Farshchi Maral, Abdollahi Elham, Saghafi Nafiseh, Hosseini Ahmad, Fallahi Sara, Rostami Sirus, Rostami Parifar, Rafatpanah Houshang, Habibagahi Mojtaba
Immunology Research Center, Inflammation and Inflammatory Diseases Division, Mashhad University of Medical Sciences, Mashhad, Iran.
Department of Gynecology and Obstricts, Mashhad University of Medical Sciences, Mashhad, Iran.
J Clin Transl Res. 2022 May 25;8(3):256-265. eCollection 2022 Jun 29.
The Th17/Treg balance in peripheral blood and reproductive tissues may have a role in the etiology of unexplained recurrent pregnancy loss (URPL). In this study, we evaluated the major cytokine of Treg cells transforming growth factor-beta (TGF-β), and their specific transcription factor Forkhead box P3 (FOXP3), as well as the most highlighted cytokine of Th17 cells (interleukin [IL]-17A) in both URPL patients and healthy women.
Samples were extracted from the peripheral blood, endocervix, endometrium, and vagina of 14 patients with URPL and 12 normal non-pregnant women as a control (normal) group. Quantitative reverse transcription polymerase chain reaction was used to determine gene expression. Enzyme-linked immunosorbent assay was used to determine the levels of cytokines in the serum and cervicovaginal fluid.
We found that in the URPL group, FOXP3 gene expression was considerably higher in peripheral blood than in the normal group (=0.043). TGF-β levels in the cervicovaginal fluid were different in the URPL and normal groups (=0.015). In comparison to the control group, women with URPL had significantly greater IL-17 gene expression in the peripheral blood (=0.01).
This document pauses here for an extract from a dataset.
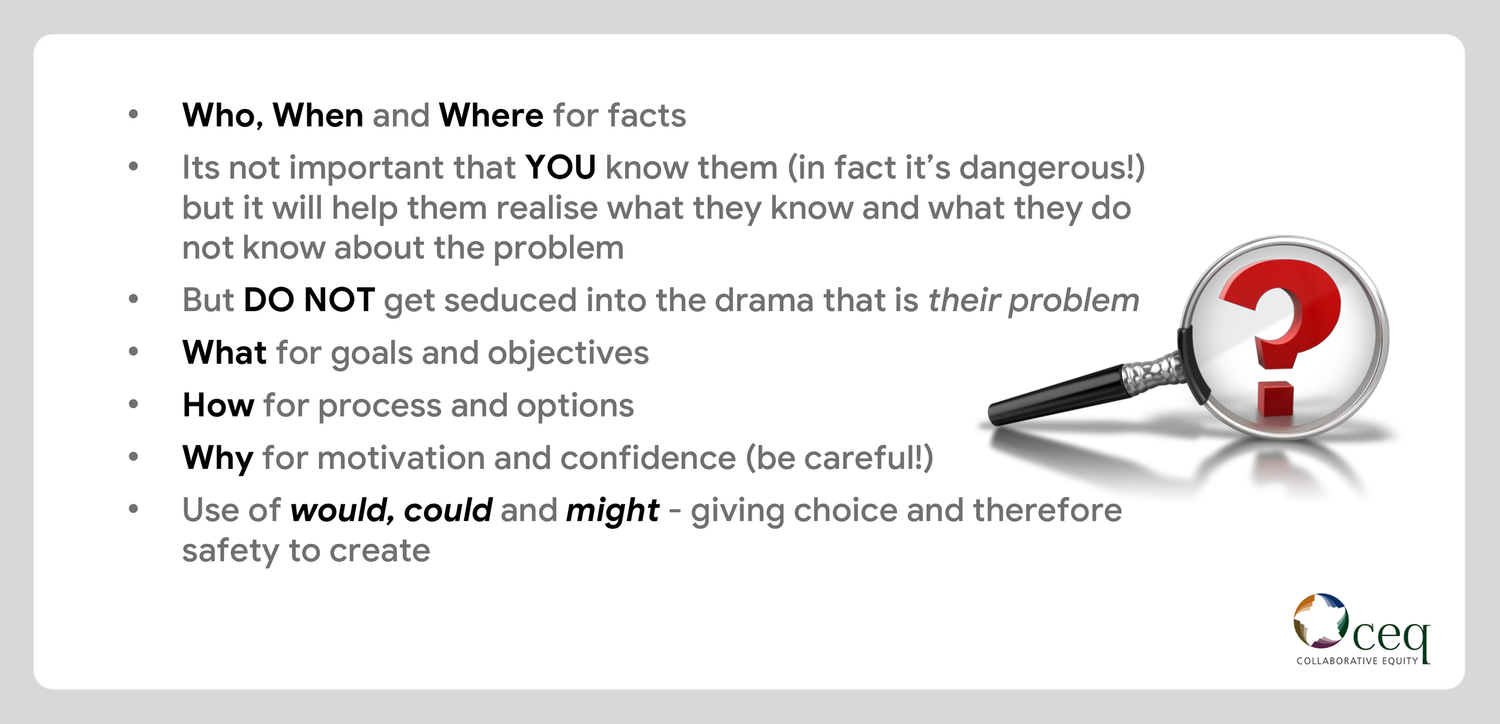 Of our 6 open questions, each has its own unique purpose. ‘Who’, ‘when’ and ‘where’ are often looking for facts so we can stretch the other person to consider other factual data. However we should be wary of asking these 3 questions as the risk is that we will get seduced into the drama that is their problem and end up inevitably offering solutions.

Lower TGF-β levels in the cervicovaginal fluid of patients compared to controls may be related with increased IL-17 and FOXP3 mRNA levels in patients with URPL. Dysregulation of local immune responses in reproductive tissues may represent dysregulation of systemic regulatory immunological responses in the pathogenesis of URPL.
Dysregulation of immune responses may play a role in the pathogenesis of URPL at least in some patients with URPL. We conclude that the breakdown of tolerance in the local immune responses is more critical than the breakdown of tolerance in systemic tolerance in the pathogenesis of URPL. Therefore, modulating immune responses in the endometrium and decidua may be the focus of future therapeutic approaches in URPL. The impact of seminal plasma on the expansion of Tregs may provide a novel therapeutic intervention that has already been used in assisted reproductive technologies. Therefore, we suggest that transvaginal TGF-β in women with URPL may induce maternal tolerance which leads to the successful pregnancy.
外周血及生殖组织中的Th17/Treg平衡可能在不明原因复发性流产(URPL)的病因中起作用。在本研究中,我们评估了URPL患者和健康女性中Treg细胞的主要细胞因子转化生长因子-β(TGF-β)及其特异性转录因子叉头框P3(FOXP3),以及Th17细胞最突出的细胞因子(白细胞介素[IL]-17A)。
从14例URPL患者以及作为对照组(正常组)的12名正常未孕女性的外周血、子宫颈、子宫内膜和阴道中提取样本。采用定量逆转录聚合酶链反应来测定基因表达。采用酶联免疫吸附测定法来测定血清和宫颈阴道液中的细胞因子水平。
我们发现,在URPL组中,外周血中FOXP3基因表达显著高于正常组(P = 0.043)。URPL组和正常组宫颈阴道液中的TGF-β水平存在差异(P = 0.015)。与对照组相比,URPL女性外周血中的IL-17基因表达显著更高(P = 0.01)。
与对照组相比,患者宫颈阴道液中较低的TGF-β水平可能与URPL患者中IL-17和FOXP3 mRNA水平升高有关。生殖组织中局部免疫反应的失调可能代表URPL发病机制中全身调节性免疫反应的失调。
免疫反应失调可能至少在部分URPL患者的发病机制中起作用。我们得出结论,在URPL的发病机制中,局部免疫反应中耐受性的破坏比全身耐受性的破坏更为关键。因此,调节子宫内膜和蜕膜中的免疫反应可能是未来URPL治疗方法的重点。精浆对Tregs扩增的影响可能提供一种已在辅助生殖技术中使用的新型治疗干预措施。因此,我们建议对URPL女性经阴道给予TGF-β可能诱导母体耐受性,从而实现成功妊娠。